FIP

Feuille paroissiale n° 18 du 27 mars 2022

Feuille paroissiale – 4ème dimanche de CarĂŞme

« Combien d’ouvriers de mon père ont du pain en abondance, et moi ici je meurs de faim ! » Telle est la pensée qui habite le plus jeune fils de la parabole alors qu’il se trouve dans un pays lointain, dans le dénuement le plus total.

Jésus raconte que le jeune homme a dilapidé sa fortune, qu’il a mené une vie de désordre sans se soucier du lendemain. Mais maintenant qu’il n’a plus rien, il ne peut pas faire autrement que de regarder la situation en face. « Entrant en lui-même », il découvre qu’il n’a plus aucune ressource, qu’il n’a plus d’appui solide pour se reposer. Son ventre crie famine au milieu de ces porcs qui se repaissent de quelques gousses. Et sa faim matérielle se double d’une faim spirituelle : il découvre avec stupeur que son attitude n’était pas digne de l’amour de son père.

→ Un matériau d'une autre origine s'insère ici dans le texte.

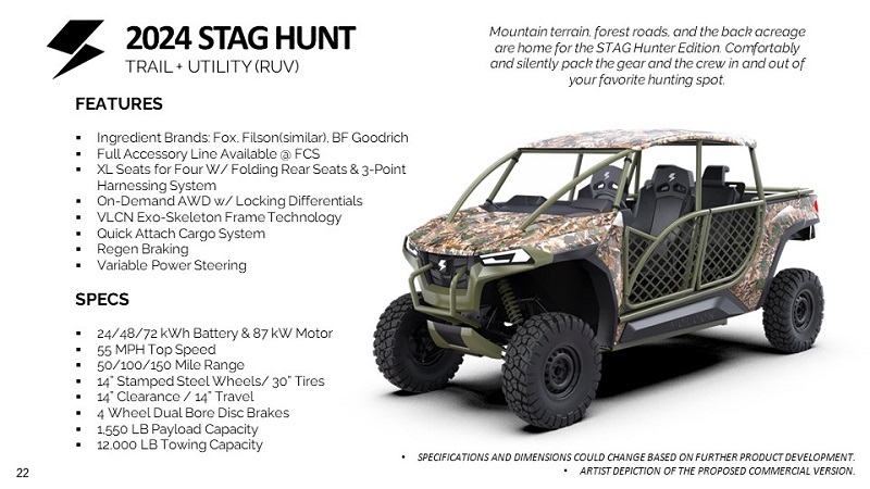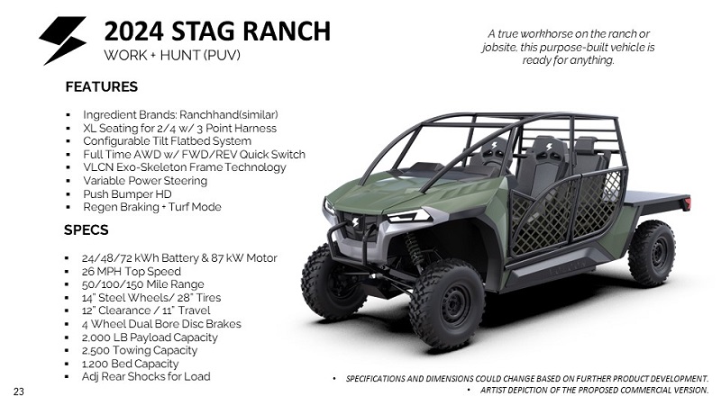 2024 STAG HUNT FEATURES ▪ Ingredient Brands: Fox, Filson (similar), BF Goodrich ▪ Full Accessory Line Available @ FCS ▪ XL Seats for Four W/ Folding Rear Seats & 3 - Point Harnessing System ▪ On - Demand AWD w/ Locking Differentials ▪ VLCN Exo - Skeleton Frame Technology ▪ Quick Attach Cargo System ▪ Regen Braking ▪ Variable Power Steering SPECS ▪ 24/48/72 kWh Battery & 87 kW Motor ▪ 55 MPH Top Speed ▪ 50/100/150 Mile Range ▪ 14” Stamped Steel Wheels/ 30” Tires ▪ 14” Clearance / 14” Travel ▪ 4 Wheel Dual Bore Disc Brakes ▪ 1,550 LB Payload Capacity ▪ 12,000 LB Towing Capacity Mountain terrain, forest roads , and the back acreage are home for the STAG Hunter Edition. Comfortably and silently p ack the gear and the crew in and out of your favorite hunting spot . TRAIL + UTILITY (RUV) 22 • SPECIFICATIONS AND DIMENSIONS COULD CHANGE BASED ON FURTHER PRODUCT DEVELOPMENT. • ARTIST DEPICTION OF THE PROPOSED COMMERCIAL VERSION.

Premier miracle de la parabole, l’homme en apparence sans valeur est en réalité plein de courage. Il ravale sa fierté et accepte de retourner vers son père pour lui demander de devenir son ouvrier. Second miracle, plus extraordinaire encore, le père n’accepte pas cette demande mais couvre le jeune homme de sa tendresse et le restaure dans sa dignité de fils. Il fête avec toute la maison le retour à la vie de ce fils patiemment attendu.

Ces deux miracles, œuvres du même Esprit, sont racontés par Jésus aux pécheurs qui sont venus pour l’écouter aussi bien qu’aux Pharisiens qui récriminent contre lui. Tous sont invités à entrer dans ce même mouvement de la miséricorde. Il s’agit pour eux comme pour nous de reconnaître cette faim spirituelle, de retourner vers le Père pour participer à ce festin des noces de l’Agneau qui nous est promis et dont l’Eucharistie que nous célébrons est un avant-goût.